*Directions:*
The material below should be copied line for line, please, with pictures omitted.

*Recorded information:*
══════

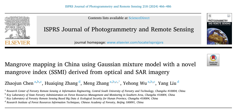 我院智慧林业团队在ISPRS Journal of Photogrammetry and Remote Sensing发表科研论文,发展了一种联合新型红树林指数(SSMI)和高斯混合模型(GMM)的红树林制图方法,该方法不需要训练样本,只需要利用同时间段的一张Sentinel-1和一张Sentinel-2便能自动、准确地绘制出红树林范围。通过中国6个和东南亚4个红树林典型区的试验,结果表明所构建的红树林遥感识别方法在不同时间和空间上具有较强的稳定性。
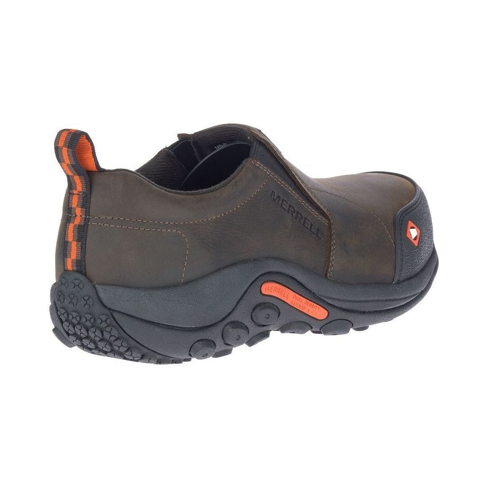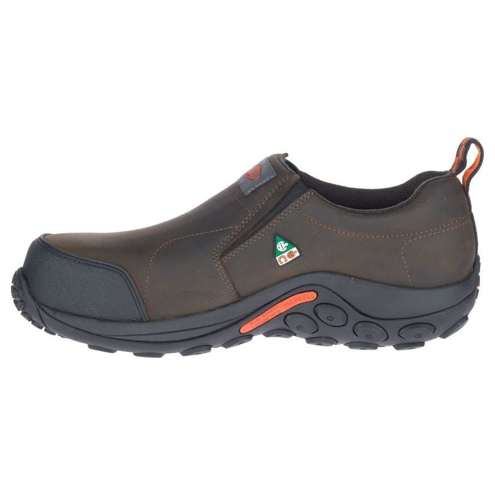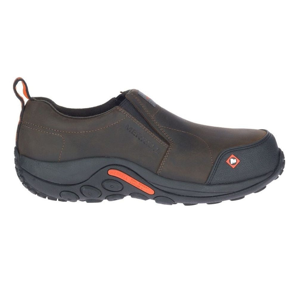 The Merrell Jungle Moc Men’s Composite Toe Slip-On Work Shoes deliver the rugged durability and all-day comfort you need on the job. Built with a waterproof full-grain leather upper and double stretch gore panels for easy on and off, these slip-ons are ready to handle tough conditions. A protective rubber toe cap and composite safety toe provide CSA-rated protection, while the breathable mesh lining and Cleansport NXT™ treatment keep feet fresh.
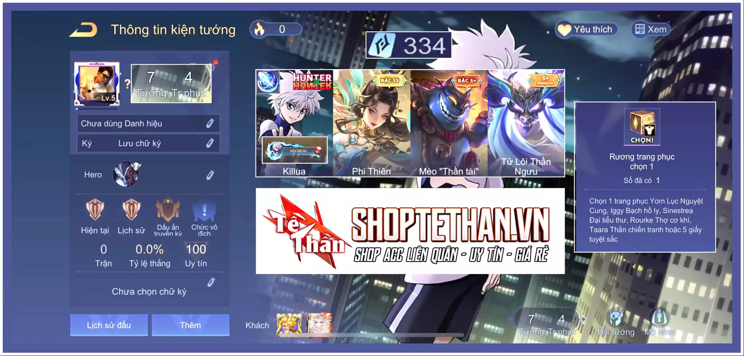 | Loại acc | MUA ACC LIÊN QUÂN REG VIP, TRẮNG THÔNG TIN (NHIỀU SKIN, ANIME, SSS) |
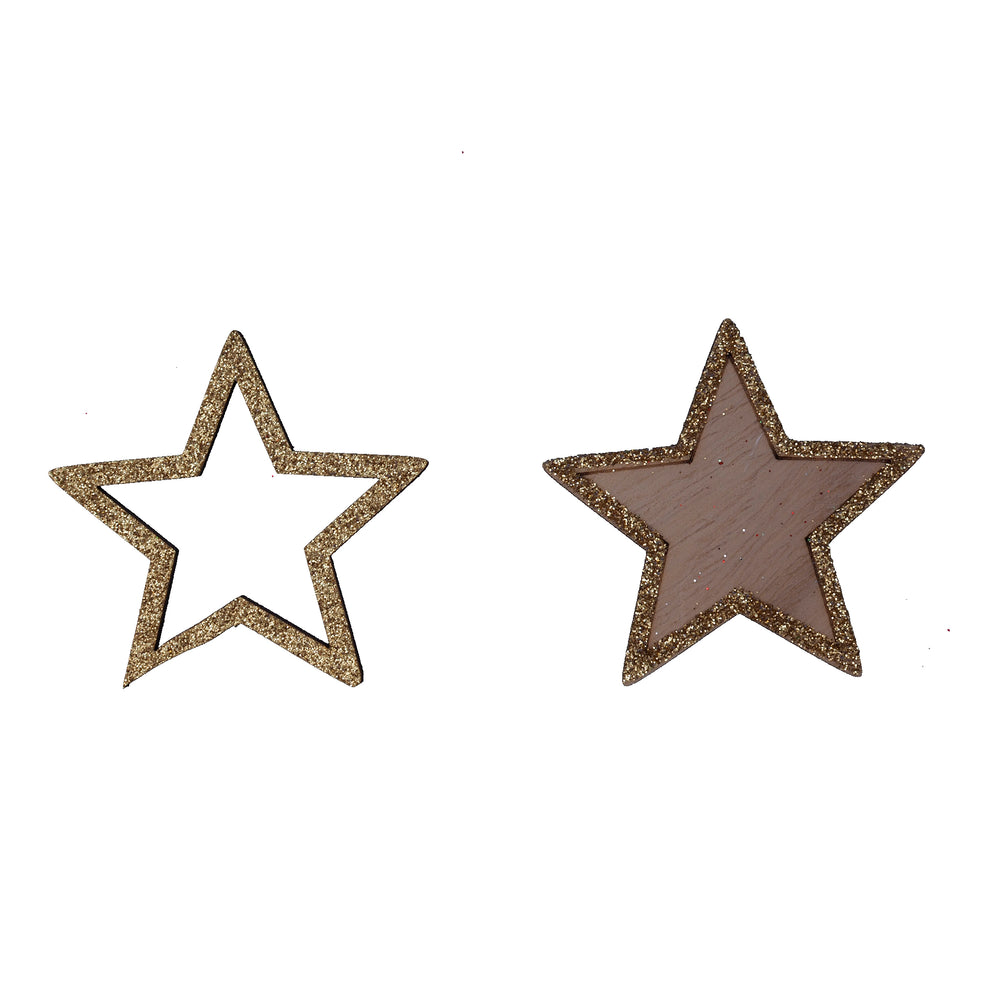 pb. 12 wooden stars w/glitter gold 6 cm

══════

*Result:*
 我院智慧林业团队在ISPRS Journal of Photogrammetry and Remote Sensing发表科研论文,发展了一种联合新型红树林指数(SSMI)和高斯混合模型(GMM)的红树林制图方法,该方法不需要训练样本,只需要利用同时间段的一张Sentinel-1和一张Sentinel-2便能自动、准确地绘制出红树林范围。通过中国6个和东南亚4个红树林典型区的试验,结果表明所构建的红树林遥感识别方法在不同时间和空间上具有较强的稳定性。
 The Merrell Jungle Moc Men’s Composite Toe Slip-On Work Shoes deliver the rugged durability and all-day comfort you need on the job. Built with a waterproof full-grain leather upper and double stretch gore panels for easy on and off, these slip-ons are ready to handle tough conditions. A protective rubber toe cap and composite safety toe provide CSA-rated protection, while the breathable mesh lining and Cleansport NXT™ treatment keep feet fresh.
 | Loại acc | MUA ACC LIÊN QUÂN REG VIP, TRẮNG THÔNG TIN (NHIỀU SKIN, ANIME, SSS) |
 pb. 12 wooden stars w/glitter gold 6 cm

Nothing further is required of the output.